I found in my John Deere Technical Manual's 24K draw bar rating for a 450G dozer and will be slightly higher due to my loader having triple gouser tracks.
I am going to stay way above that in all the pulling hardware I use.
I ordered a 3/4 diam. Cat Choker, found a 1 1/2 - 17 Ton Crosby clevis on Ebay , and for cable I will look at 5/8 or 3/4.
I did call Westech Rigging which has a nice assortment of rigging , who recommend initially 1/2 wire rope based on the drawbar rating of 24K .
I already have an assortment of 1/2 cables I have made up I use to fell trees with a 2 ton Lug All .
I am not trusting 1/2 wire rope, even though it is has a break strength rated for the draw bar pull of my loader.
Westech suggested 6-26 swedged wire rope .
I'll order that if I do not find any used tow cables or logging cables .
An army surplus seller on Ebay list new factory crimped 1/2 cables w/44K breaking strength 50ft cables .
That leads me to another question.
If a cable snaps due to over load, and is the only link that breaks carrying no hardware, in other words the cable breaks in the middle of a cable, where does the energy go?
Is it like a Tow strap and drops? Or does it fly back in both directions? I can see the danger if the choker breaks while a clevis is attached to a cable, the potential for the clevis to go flying towards attaching point.
But the weak link I am proposing , is to use the 1/2 miltary cable as an extension cable. The energy released would be in the cable itself.
Thank you
John (not John Henry LOL)
 
swedged is too expensive for what your up too.

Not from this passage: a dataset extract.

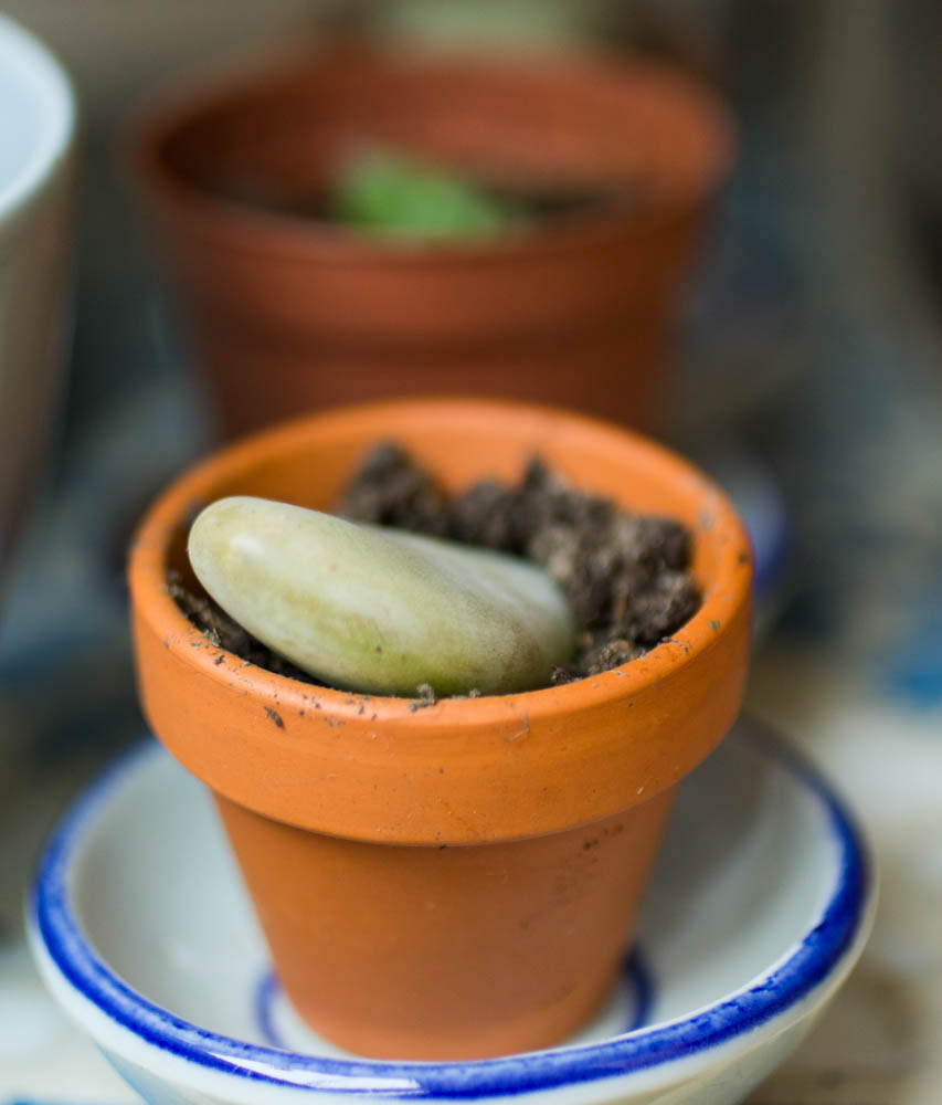 Par contre, j’en ai dans la cour ! Un (déjà) gros yucca issu d’une bouture « bâton » de celui d’une collègue il y a 2 ans, un romarin replanté l’an dernier (mais je me demande s’il a survécu correctement à l’hiver.. ), quelques bulbes en fin de floraison (jonquilles, muscaris, anémones et crocus qui se succèdent),… et j’ai ajouté 2 pieds de tomates cerises hier. J’en ai aussi profité pour faire des semis de roquette et basilic (je n’ai encore jamais réussi le basilic ! ), et pour mettre en terre 2 noyaux d’avocats que j’ai réussi à faire germer non pas dans un verre d’eau mais en les enfermant enroulés dans un sopalin humide dans une petite boîte hermétique… J’ai vérifié régulièrement l’humidité et changé une fois ou 2 le sopalin pour éviter les moisissures… A voir si ça reprend en terre ou pas !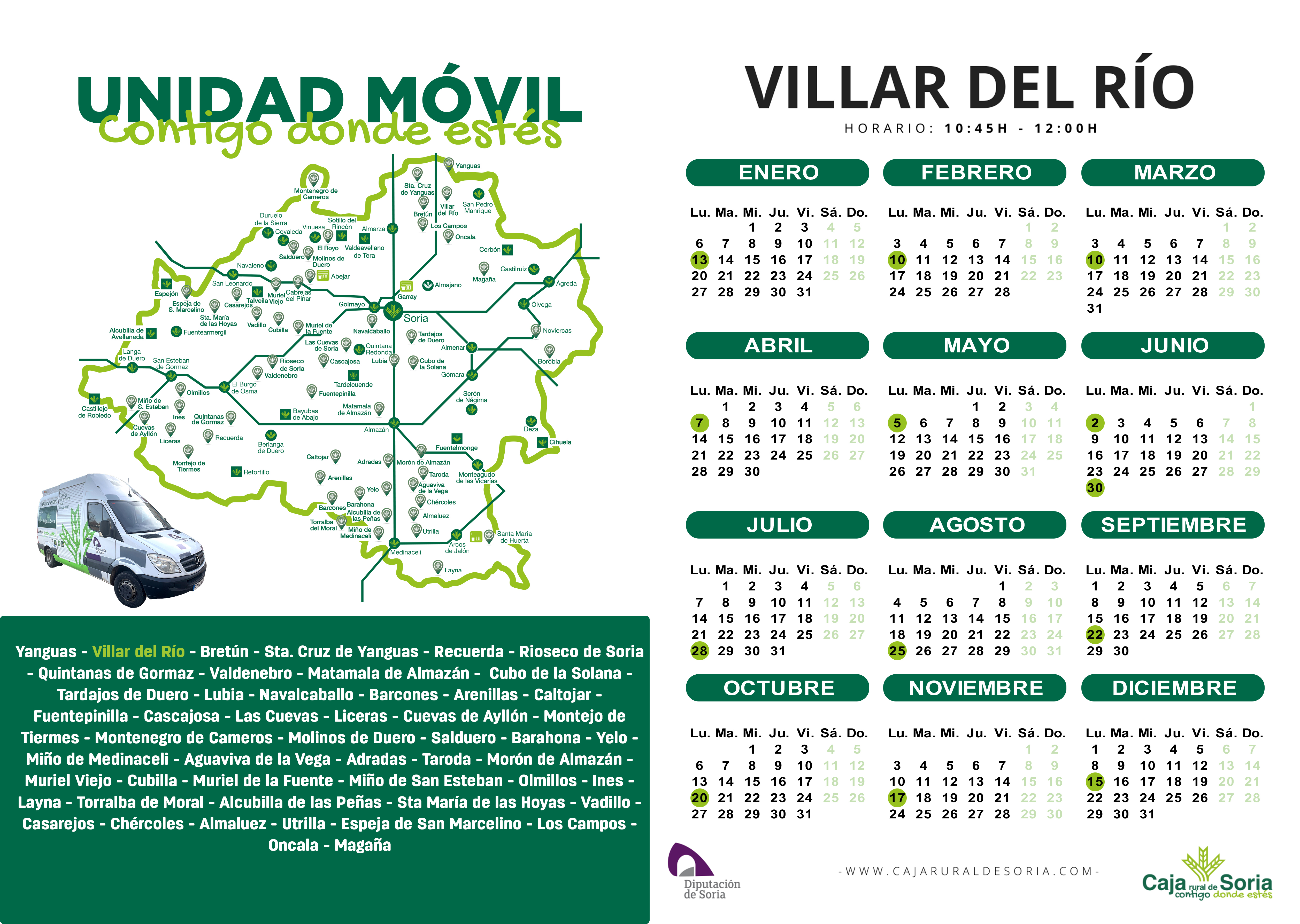 Ruta Unidad móvil, haga click para conocer las rutas y horarios de cada pueblo:

cable can rebound, but its energy is largely in the load and anchor point, as it stretches only a fraction of what fiber rope will. that said both are dangerous.

tow straps can and will do as much or more damage, because they are a giant rubber band.

a lot of folks will disagree with me on this, because they heard it from someone that heard it from someone etc, but look.up the coefficient stretch ratings of similar rated lines, then look up max breaking strength, the difference is huge, couple that with I break cable often, and rope often, broken ropes are far more frightening
 
I’ve seen cables break in spectacular fashion. They’ll generally rebound in the same plane as the direction of pull. The same can be said for ropes, chains and straps. The best practice is staying out of the way.and not occupying space between the load and the equipment.